What follows is a thrilling, sad, hilarious, and completely unpredictable. Lethem's writing is perfect on every level, including stylistically. The restrained grace of his prose frequently explodes into epic obscenities and mangled freestyle poetry, anagrams and lyrical nonsense, an inspired fusion of Dr. Seuss and William S. Burroughs. I've been reading Lethem's books for a couple years now, spacing them out to savor them. I was almost reluctant to start 'Motherless Brooklyn', since it's regarded by many as his masterpiece. It is. But the good news is that he's still young, and I think he'll be tucking a Pulitzer under his arm, one of these days.
Lionel, the detective and narrator of "Motherless Brooklyn", is prone to sudden verbal tics -- he'll start rhyming his own name, for example -- or to adjusting people's collars. This makes him perhaps the most unsuited detective in the history of the genre. He would certainly not be out of place in a Coen Brothers movie (I'm thinking John Turturro here, or maybe Steve Buscemi, who read the audiobook).

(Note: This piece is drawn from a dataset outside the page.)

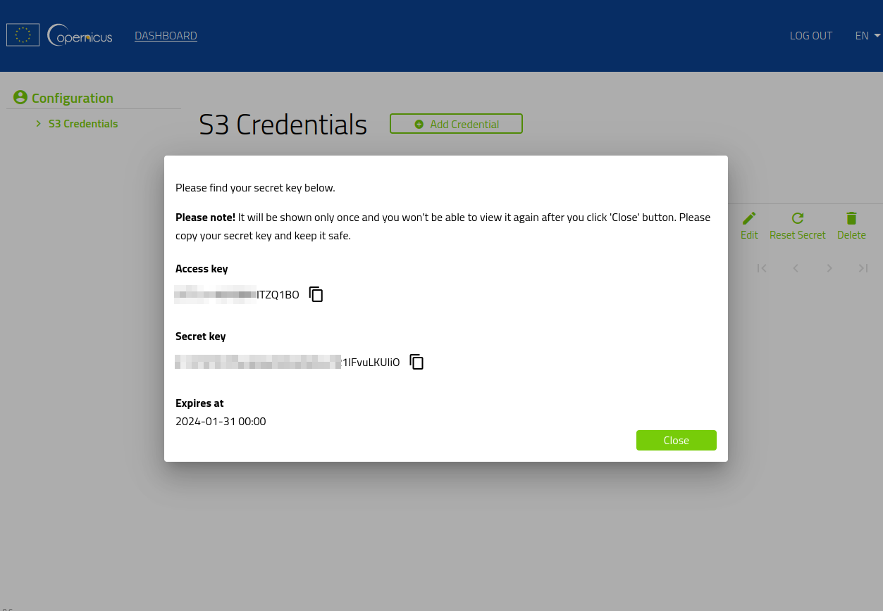 In order to access EOData via S3 you must obtain secrets (access and secret key). Please visit following page and log in with Copernicus Data Space Ecosystem account for which the keys are to be generated.

Indeed the whole plot is Coen-esque. Lionel and three other characters are runners for a very small-time Brooklyn mob associate named Frank Minna, in the decidedly unglamorous Boerum Hill neighborhood. When Minna is found dead in a dumpster by the Pulaski Bridge (a horribly prosaic fate), his men are hunted one by one, and it's up to Lionel to find out who done it, and why. Jonathan Lethem populates the story with oddly-named characters such as Kimmery and Mr. Foible and Detective Seminole. With a world full of names such as these, it's easy to see why Lionel tics as much as he does.
Along the way are fascinating asides into how Lionel's mind works. He notes that Prince is perhaps the first Tourettic singer, and there's a glorious two page essay on the MAD Magazine art of Don Martin. Lethem also throws in some great New York-specific baseball references (Lee Mazzilli, Bucky Dent), and has Lionel think, while eating soup, "Tinker to Evers to chicken".
The mystery held less of my attention on the second read-through; for some reason, I was more confused than I was the first time. I think the two New Jersey gangsters, Matricardi and Rockaforte (or "Bricco and Stuckface") are a little off-key, but perhaps that's because they both have the overly-precise speech patterns of Joe Mantegna ("We wish to comfort you on this day of pain and misunderstanding...").
On the whole, "Motherless Brooklyn" is a very inventive spin on language, and uses its New York setting extremely well, hitting everything from the pattern of Upper East Side traffic lights, to the solitude of the G train. I dare you read it, and then not have Lionel-esque verbal tics for days afterward. Liable Guessfrog!